O Amor em 79:05 tem uma linguagem intimista e seu texto se parece com crônica, mas não é. A linguagem adotada parece poética, mas não é. O que falta de estrutura literária, sobra em emoção, teatralismo, as vezes natural, as vezes espetaculoso, com forte viés homossexual. Raramente livros escritos por artistas da área do cinema, televisão ou teatro possuem tanta qualidade de escrita.




Bom
Rafael Mafra
03/07/2002 às 20:36
Brasília - DF

Além do conto que li no bar, li uns poucos outros. Mas me parece que o autor atinge o objetivo de dar o tom intimista a todos os contos. Só que os contos são curtos demais e a literatura é dura: esquece-se a maioria.


Marcio Mafra
18/01/2013 às 19:17
Brasília - DF

Dezenas de breves contos narrados, em geral, na primeira pessoa, tendo o amor como tema.

Marcio Mafra
18/01/2013 às 19:17
Brasília - DF

Eu criei um corvo achando que alimentava uma ave do paraíso. Te criei mal. Plantei na calçada e me veio um amor minguado, pelas frestas. Prefiro pensar que é só por um tempo, enquanto o tempo passa e a calçada racha. Ganhar tempo, se acostumar com a idéia da asa, pra ver se dá pra voar num corvo, se isso interesso. Pensar que você vai passar um mês fora, sei lá, mas que volta. Parece coisa de quem vai partir ou morrer. E não deixa de ser. Vou ter que matar e assim, alguma coisa dentro de mim, morre. Me envenenar e suportar o veneno, para que o mais fraco em mim, morra.
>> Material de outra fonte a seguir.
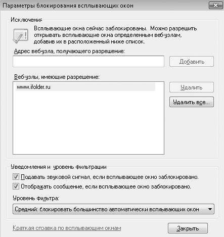 Подведение итогов Вопросы для самопроверки ? Назовите основные части окна программы Почта Windows. ? Каково назначение папок Входящие, Исходящие, Отправленные, Удаленные и Нежелательная Почта? ? В каких случаях используется команда Доставить почту? ? Как создать и отправить электронное письмо? ? Как переслать файл по электронной почте? ? Что такое спам и как от него защититься? ? В чем заключается опасность открытия вложенных файлов от неизвестного отправителя? ? Для чего используется папка Контакты? Что дальше? Заключительный урок этой главы будет посвящен вопросам безопасности при работе в Интернете. Вы узнаете о том, какие опасности подстерегают вас в процессе работы в Сети и как от них защититься. Урок 3.6. Безопасность при работе в Интернете Работая в Интернете, вы подвергаете свой компьютер риску быть атакованным хакерами, а при посещении сайтов и получении электронной почты вы можете «подхватить» вирус или шпионскую программу. В обозревателе Internet Explorer применяется целый комплекс мер безопасности, основные из них будут рассмотрены в этом уроке, а другие аспекты безопасности системы будут рассмотрены в уроках 4.2 и 8.2. Блокирование всплывающих окон Internet Explorer умеет блокировать всплывающие окна, которые используются некоторыми веб-узлами для показа навязчивой рекламы. Если вы откроете сайт, содержащий всплывающие окна, то они будут заблокированы, а в верхней части окна Internet Explorer появится панель с информацией о блокировке всплывающих окон. Если вам нужно просмотреть заблокированные всплывающие окна, щелкните кнопкой мыши на панели информации и выберите одну из двух команд: Временно разрешить всплывающие окна или Всегда разрешать всплывающие окна от этого узла (рис. 3.27). При выборе последней команды узел будет добавлен в список разрешенных. Вы можете полностью отключить блокировку всплывающих окон, выполнив в окне Internet Explorer команду Сервис > Блокирование всплывающих окон > Выключить блокирование всплывающих окон. Повторное выполнение этой команды приведет к возобновлению режима блокирования. Для настройки параметров блокирования выполните команду Сервис > Блокирование всплывающих окон > Параметры блокирования всплывающих окон. В появившемся окне (рис. 3.28) вы можете изменить список разрешенных веб-узлов, отключить звуковой сигнал или панель информации при блокировке окон, а также установить один из имеющихся уровней фильтрации. ![]() Рис. 3.27. Блокирование всплывающих окон в Internet Explorer ![]() Рис. 3.28. Параметры блокирования всплывающих окон Блокирование активного содержимого Веб-страницы могут содержать не только тексты и рисунки, но и специальные программные модули, расширяющие возможности веб-страниц и позволяющие сделать их интерактивными. Однако в то же время этими средствами могут воспользоваться злоумышленники для получения доступа к вашему компьютеру. На некоторых сайтах загрузка активных элементов происходит автоматически, и в целях безопасности Internet Explorer блокирует этот процесс, сообщая об этом пользователю на информационной панели. Щелкнув кнопкой мыши на таком сообщении, вы получите список доступных действий для заблокированных объектов, среди которых будет команда, разрешающая загрузку активных элементов. Перед установкой загружаемых элементов вам может понадобиться подтвердить действия в окне UAC. Кроме тог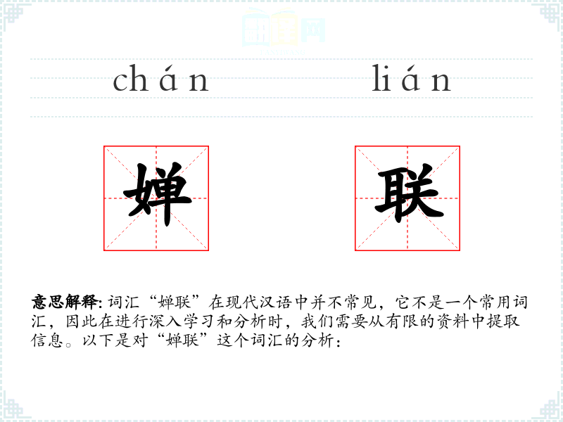 词汇“婵联”在现代汉语中并不常见,它不是一个常用词汇,因此在进行深入学习和分析时,我们需要从有限的资料中提取信息。以下是对“婵联”这个词汇的分析: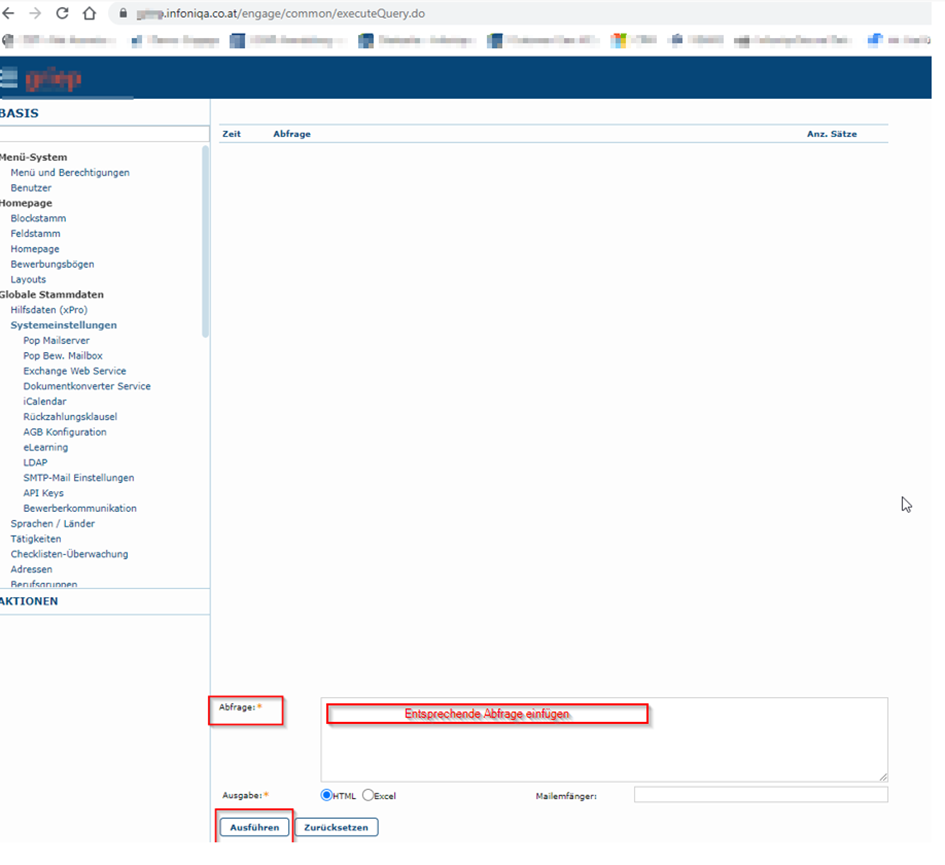 Dann sollte folgende Ansicht erscheinen und man die SQL-Abfrage auslösen kann.

Espero que seja você. Acontece. Estou certo de que tudo foi tentado; menos o pior: o choque no louco, a separação. É claro que a vontade era bem diferente; era que meu pai de santo tivesse razão: havia encontrado o amor da minha vida. Não posso pensar nisso, senão te sobrevivo e morro aos pedaços cada vez que você olha pra outro, cada vez que você não liga, cada vez que falta ar. Fiquei preso no seu peito; suas costelas, as grades da gaiola, da jaula. Dor de amor é esquisito, não tem jeito; só um remédio, tão difícil como esquecer uma paixão: encontrar outra. Por menor que seja. Qualquer curiosidade ajuda. Não precisa ser aquele amor de Romeu, de ficar ouvindo o canto da cotovia; um ficar a fim, já alivia. Um a fim qualquer, já sopra a dor. Amar é o vício dos ávidos, de quem comeu maçã. Matéria prima ,de quem cria, da natureza morta. É da mesma natureza da flor, por isso tantos tipos de amor. Por isso tão usada essa rima. Tudo tem dois lados, tem avesso, e isso entorta, divide, confunde. Assim como a arte precisa de dinheiro, artista precisa da falta para criar o belo. Quem cria se apaixona, se desapaixona, cria corvos; ama gralhas, migalhas... E pinta aves do paraíso. ..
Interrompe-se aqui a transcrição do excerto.